I'm reading Algebraic Curves and Riemann Surfaces by Rick Miranda. I let $X = \mathbb{R}^2$ and let $U$ be any open subset of $X$. Then I define $\phi_{U} (x,y) = x+iy$ from $U$ to $\mathbb{C}$, being a complex chart on $\mathbb{R}^2$. Then it wants me to prove that any two charts defined like this are compatible with each other.
Then I first try to use Cauchy-Riemann Equation. I have $\frac{\partial u}{\partial x} = 1$, $\frac{\partial u}{\partial y} = 0$, $\frac{\partial v}{x} = 0$, and $\frac{\partial v}{\partial y} = 1$ And this means that the chart satisfies Cauchy-Riemann Equation, and since all four partial derivatives are continuous, then this means that $\phi_{U}(x,y)$ is holomorphic for every $(x,y) \in \mathbb{R}^2$.
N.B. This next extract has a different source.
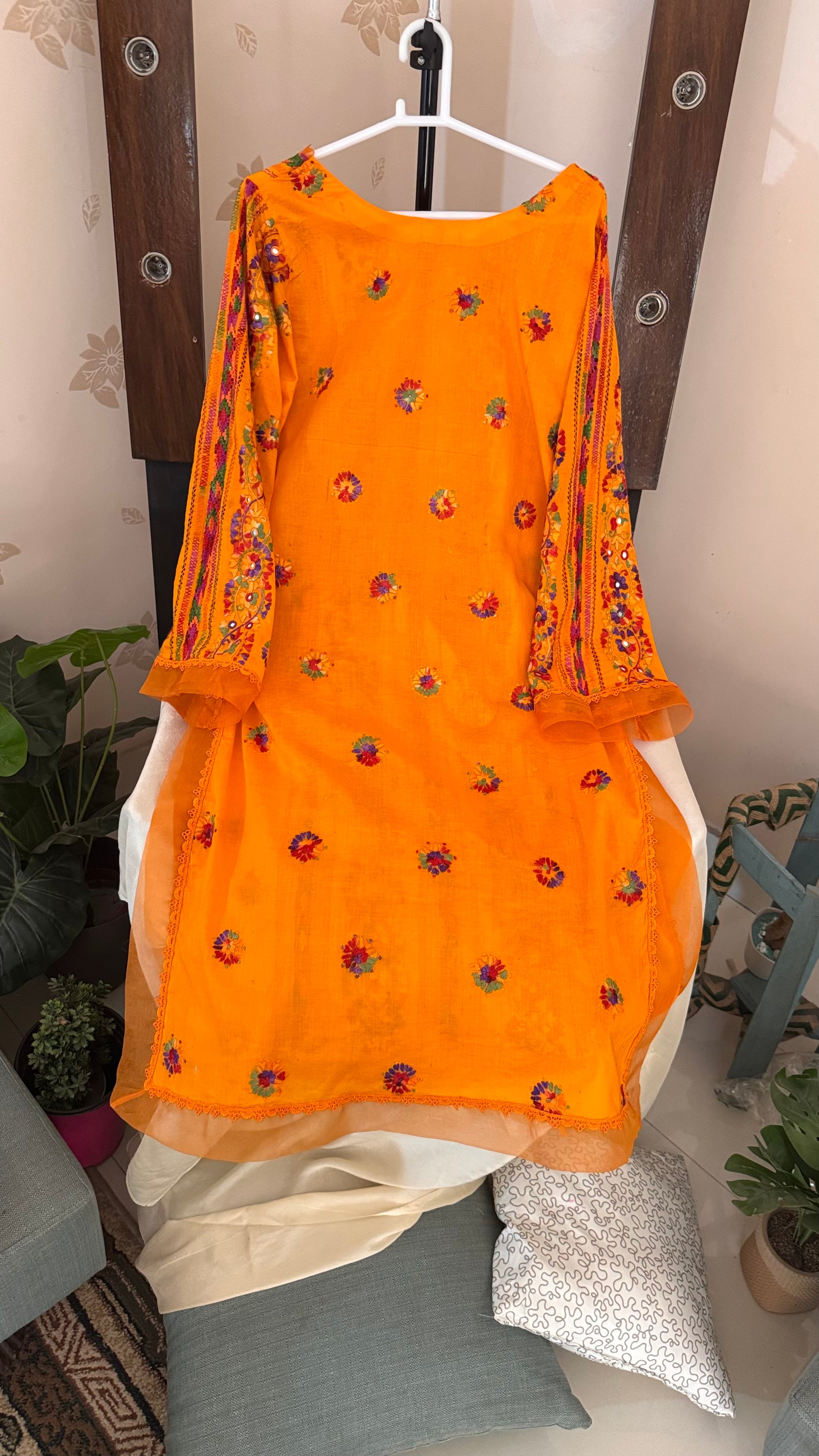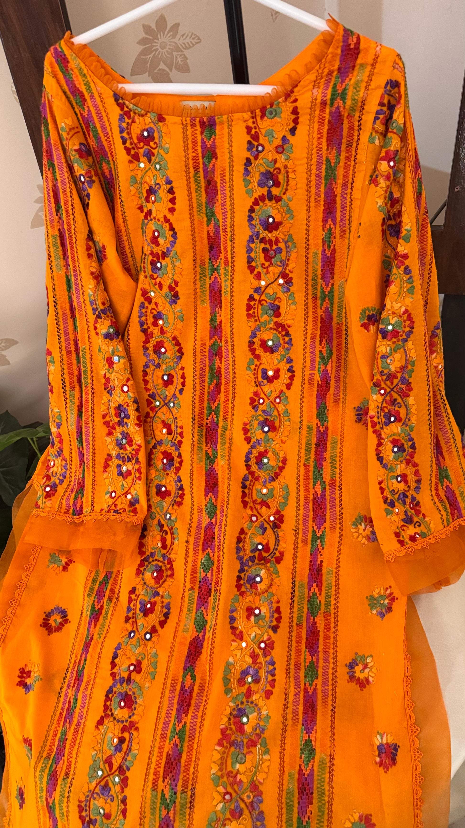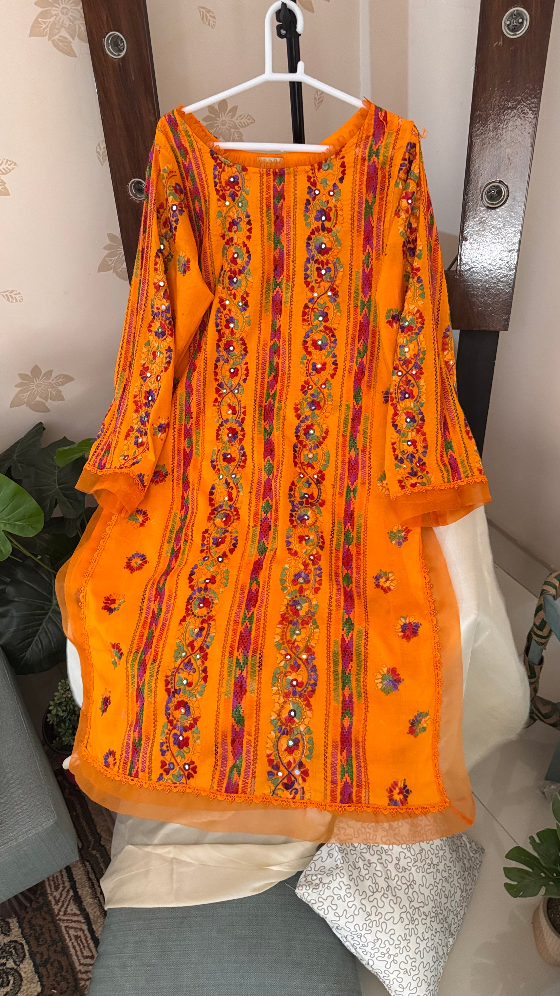 Front back heavily Handmade Tarkashi and Hand embroidered stitched kurta with pure organza and lace finishing.

Then on the book, the definition of being compatible is that we let $\phi_{1}: U_{1} \rightarrow V_{1}$ and $\phi_{2}: U_{2} \rightarrow V_{2}$ be two complex charts on $X$. We say that $\phi_{1}$ and $\phi_{2}$ are compatible if either $U_{1} \cap U_{2} = \emptyset$, or $\phi_{2} \circ \phi_{1}^{-1}: \phi_{1} (U_{1} \cap U_{2}) \rightarrow \phi_{2} (U_{1} \cap U_{2})$ is holomorphic. But I'm confused how I should pick my $phi_{1}$ and $\phi_{2}$ in my specific context.
UPDATE: Here my $\phi_{1}$ and $\phi_{2}$ will be the same charts. Then I have $$\phi_{2} \circ \phi_{1}^{-1} = x+iy$$ which is holomorphic, since it's just a linear map.
2026-03-29 14:00:06.1774792806